Alcohol hand sanitizers like Purell do kill germs, but they also kill industrial floor wax. Wow. If the government agencies don't "get it", at least consumers do, --a message that has resonated with several national retailers, including Target, that are systematically introducing alcohol-free hand sanitizer products

From Dec 1 NY Times..

WASHINGTON, Nov. 30 — The nation’s food supply is at risk, its drugs are potentially dangerous and its citizens’ lives are at stake because the Food and Drug Administration is desperately short of money and poorly organized, according to an alarming report by agency advisers.

The report, made public on Friday, is the latest and perhaps most far-reaching in a string of outside assessments that have concluded that the F.D.A. is poorly equipped to protect the public health.

It was written by three members of the F.D.A. Science Board, an advisory panel that reports directly to the agency’s commissioner, Dr. Andrew C. von Eschenbach. The three authors in turn had 30 scientific advisers.

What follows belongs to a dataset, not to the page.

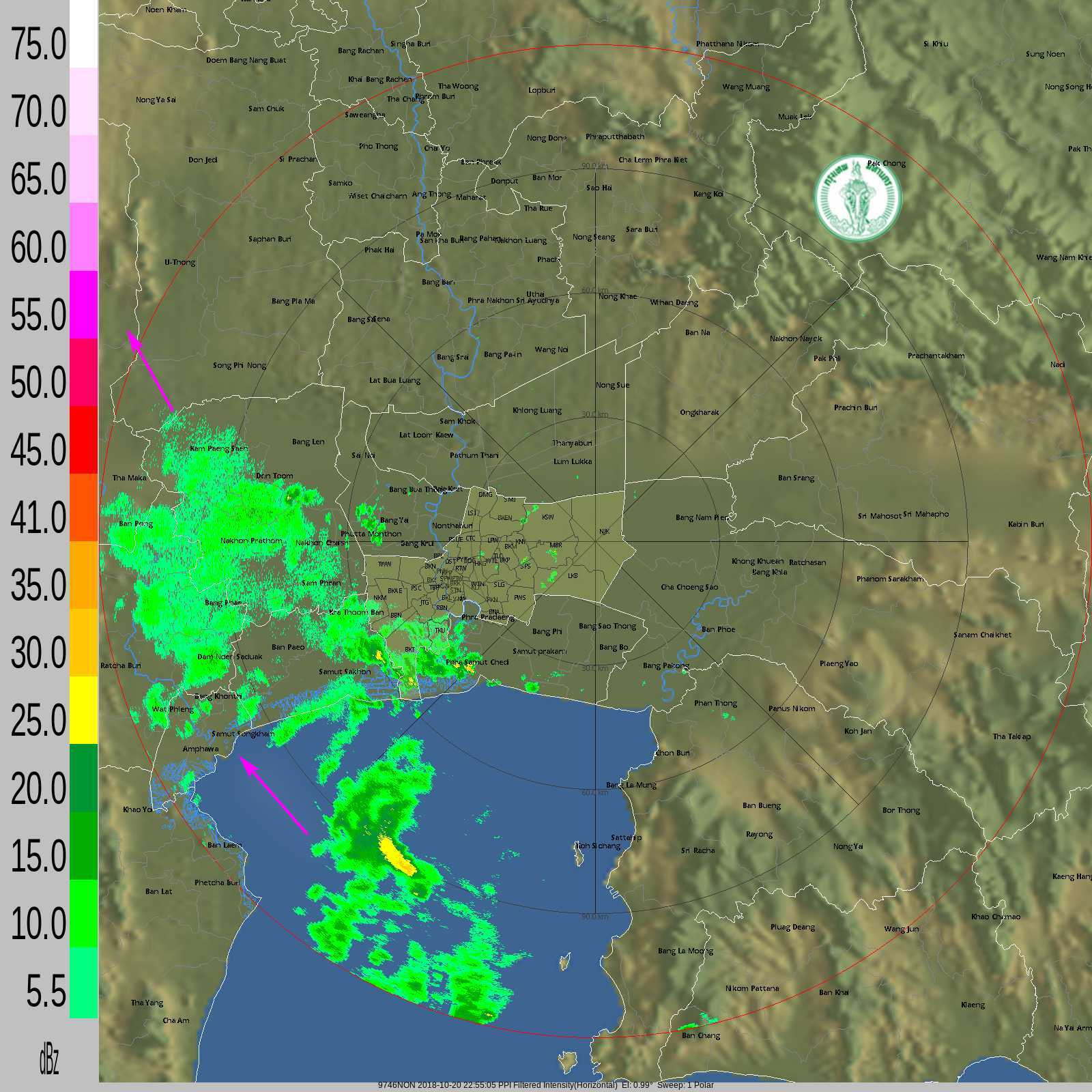 - 16:00 หย่อมความกดอากาศต่ำกำลังปานกลางค่อนข้างแรง กำลังเคลื่อนไปทางภาคใต้ ส่งผลให้มีฝนหนักในหลายจังหวัดตั้งแต่ประจวบฯลงไปในวันพรุ่งนี้ (25 ต.ค.)

The report concludes that over the last two decades, the agency’s public health responsibilities have soared while its appropriations have barely budged. The result is that the F.D.A. is falling farther and farther behind in carrying out its responsibilities and understanding the science it needs to do its many jobs.

“F.D.A.’s inability to keep up with scientific advances means that American lives are at risk,” the report stated.

Barbara J. McNeil, a professor of health care policy at Harvard Medical School and one of the report’s authors, said she was stunned at the agency’s sorry state.

The agency often misses significant product arrivals because its computers are so poor that they cannot distinguish between shipments of road salt and those of table salt, the report said.